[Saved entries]
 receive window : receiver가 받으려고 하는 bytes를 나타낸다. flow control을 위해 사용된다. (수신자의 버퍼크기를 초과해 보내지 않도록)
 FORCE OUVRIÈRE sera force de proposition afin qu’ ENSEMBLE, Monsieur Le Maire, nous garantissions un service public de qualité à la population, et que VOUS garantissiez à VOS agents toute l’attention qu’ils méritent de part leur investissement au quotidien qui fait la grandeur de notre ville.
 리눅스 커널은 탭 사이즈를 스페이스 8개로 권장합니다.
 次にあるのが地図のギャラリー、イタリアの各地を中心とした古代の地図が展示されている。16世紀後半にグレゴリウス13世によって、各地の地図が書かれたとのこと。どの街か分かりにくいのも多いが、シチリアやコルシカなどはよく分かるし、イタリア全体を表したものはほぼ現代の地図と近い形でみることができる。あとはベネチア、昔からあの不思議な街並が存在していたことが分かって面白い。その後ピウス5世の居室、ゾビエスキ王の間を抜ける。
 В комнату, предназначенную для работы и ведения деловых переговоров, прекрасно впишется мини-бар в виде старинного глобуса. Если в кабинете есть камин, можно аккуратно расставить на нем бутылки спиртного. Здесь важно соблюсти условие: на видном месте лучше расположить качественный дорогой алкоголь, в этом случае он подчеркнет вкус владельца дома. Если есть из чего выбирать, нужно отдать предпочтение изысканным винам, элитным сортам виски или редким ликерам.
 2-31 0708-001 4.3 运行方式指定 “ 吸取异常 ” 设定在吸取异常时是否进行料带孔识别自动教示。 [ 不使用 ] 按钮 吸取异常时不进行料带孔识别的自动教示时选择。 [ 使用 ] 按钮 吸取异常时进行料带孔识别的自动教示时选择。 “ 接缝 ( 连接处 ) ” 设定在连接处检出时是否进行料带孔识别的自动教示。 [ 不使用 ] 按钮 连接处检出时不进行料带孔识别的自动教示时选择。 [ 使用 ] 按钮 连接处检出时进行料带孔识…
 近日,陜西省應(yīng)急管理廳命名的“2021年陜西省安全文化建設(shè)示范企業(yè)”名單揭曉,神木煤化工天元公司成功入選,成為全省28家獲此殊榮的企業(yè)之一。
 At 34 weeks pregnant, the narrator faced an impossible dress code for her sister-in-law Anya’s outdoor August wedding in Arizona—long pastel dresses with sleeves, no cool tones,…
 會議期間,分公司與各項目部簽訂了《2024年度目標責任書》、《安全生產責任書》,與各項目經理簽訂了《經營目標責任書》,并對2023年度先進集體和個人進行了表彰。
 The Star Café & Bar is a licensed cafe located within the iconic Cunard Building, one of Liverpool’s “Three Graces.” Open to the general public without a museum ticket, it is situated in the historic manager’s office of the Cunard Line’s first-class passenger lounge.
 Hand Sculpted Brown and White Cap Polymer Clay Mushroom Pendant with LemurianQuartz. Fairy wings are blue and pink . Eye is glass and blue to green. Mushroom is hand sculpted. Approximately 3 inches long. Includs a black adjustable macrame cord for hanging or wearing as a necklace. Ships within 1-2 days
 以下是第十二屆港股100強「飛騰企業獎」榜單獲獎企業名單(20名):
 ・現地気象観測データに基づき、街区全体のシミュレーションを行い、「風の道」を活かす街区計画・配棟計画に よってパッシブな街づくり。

_Directions for this task:_ The output should be exactly the lines above from the line containing "В комнату, предназначенную" to the line containing "The Star Café", inclusive, with no other lines.

_Response:_
 В комнату, предназначенную для работы и ведения деловых переговоров, прекрасно впишется мини-бар в виде старинного глобуса. Если в кабинете есть камин, можно аккуратно расставить на нем бутылки спиртного. Здесь важно соблюсти условие: на видном месте лучше расположить качественный дорогой алкоголь, в этом случае он подчеркнет вкус владельца дома. Если есть из чего выбирать, нужно отдать предпочтение изысканным винам, элитным сортам виски или редким ликерам.
 2-31 0708-001 4.3 运行方式指定 “ 吸取异常 ” 设定在吸取异常时是否进行料带孔识别自动教示。 [ 不使用 ] 按钮 吸取异常时不进行料带孔识别的自动教示时选择。 [ 使用 ] 按钮 吸取异常时进行料带孔识别的自动教示时选择。 “ 接缝 ( 连接处 ) ” 设定在连接处检出时是否进行料带孔识别的自动教示。 [ 不使用 ] 按钮 连接处检出时不进行料带孔识别的自动教示时选择。 [ 使用 ] 按钮 连接处检出时进行料带孔识…
 近日,陜西省應(yīng)急管理廳命名的“2021年陜西省安全文化建設(shè)示范企業(yè)”名單揭曉,神木煤化工天元公司成功入選,成為全省28家獲此殊榮的企業(yè)之一。
 At 34 weeks pregnant, the narrator faced an impossible dress code for her sister-in-law Anya’s outdoor August wedding in Arizona—long pastel dresses with sleeves, no cool tones,…
 會議期間,分公司與各項目部簽訂了《2024年度目標責任書》、《安全生產責任書》,與各項目經理簽訂了《經營目標責任書》,并對2023年度先進集體和個人進行了表彰。
 The Star Café & Bar is a licensed cafe located within the iconic Cunard Building, one of Liverpool’s “Three Graces.” Open to the general public without a museum ticket, it is situated in the historic manager’s office of the Cunard Line’s first-class passenger lounge.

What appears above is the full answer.